Hi Stephen,
Stephen Frost wrote:
* Phil Endecott (spam_from_pgsql_lists@xxxxxxxxxxxx) wrote:
archive_command = 'ssh backup test ! -f backup/postgresql/archivedir/%f &&
scp %p backup:backup/postgresql/archivedir/%f'
This is really not a sufficient or particularly intelligent
archive_command. In general, I'd strongly recommend against trying to
roll your own archiving/backup solution for PostgreSQL. In particular,
the above is quite expensive, doesn't address the case where a file is
only partially copied to the backup server, and doesn't ensure that the
file is completely written and fsync'd on the backup server meaning that
a failure will likely result in WAL going missing.

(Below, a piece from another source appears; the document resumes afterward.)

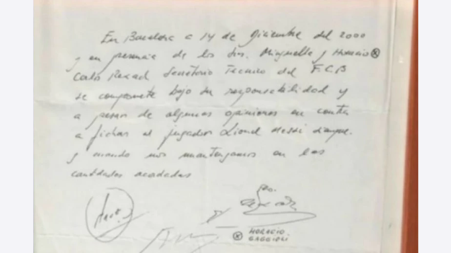 „В Барселона, 14 декември 2000 г., Карлес Рексач, спортен директор на Барселона, се съгласява, под пълна отговорност и независимо от противоположните мнения, да подпише договор с Меси при условие, че се придържаме към договорените суми“, пише на салфетката. /Източник: Лупа.бг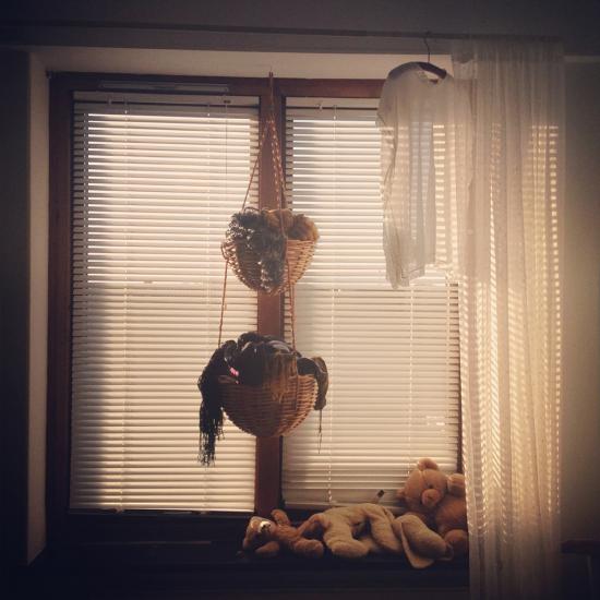 Bedroom window in evening light. I love the light through the blinds at that time in the evening. The stuffed animals don't usually hang out in the window but I'm thinking it looks kind of sweet. Maybe a bit like a kids room but I don't care. I'm a kid. Yes, I am.

There's much better
solutions out there and which you really should be using instead of
trying to build your own. In particular, my preference is pgbackrest
(though I'm one of the folks in its development, to be clear), but
there's other options such as barman or WAL-E which I believe also
address the concerns raised above.
Hmmm, well I based it on what I read in the documentation:
https://www.postgresql.org/docs/9.6/static/continuous-archiving.html
The expense is not an issue in this case. I would be surprised if
scp were to exit(0) after only partially copying a file but perhaps
you know something I don't about that.
I know that rsync creates a temporary file and moves it into place when
all the data has been transferred, which scp doesn't do; perhaps that
would be safer.
The master was only writing WAL files maybe 3 or 4 times per day at
the time, so any scenario that requires its crash to have occurred
exactly as it was doing an scp involves a substantial coincidence.
I am limited in what I can run on the backup server.
Having it go back to D0 is at least a bit interesting. I wonder if
somehow it was partial.. Have you looked at the files on the archive
server to make sure they're all 16MB and the same size?
Yes, all the files on the backup including D0 were 16 MB. But:
2018-08-11 00:12:15.536 UTC [7954] LOG: restored log file "0000000100000007000000D0" from archive
2018-08-11 00:12:15.797 UTC [7954] LOG: redo starts at 7/D0F956C0
2018-08-11 00:12:16.068 UTC [7954] LOG: consistent recovery state reached at 7/D0FFF088
Are the last two log lines above telling us anything useful? Is that
saying that, of the 16 MB (0x1000000 byte) WAL file it restored only as
far as byte 0xf956c0 or 0xfff088? Is that what we would expect? Is it
trying to use the streaming connection to get the missing bytes from
FFFF088 to FFFFFFFF? Is that just an empty gap at the end of the file
due to the next record being too big to fit?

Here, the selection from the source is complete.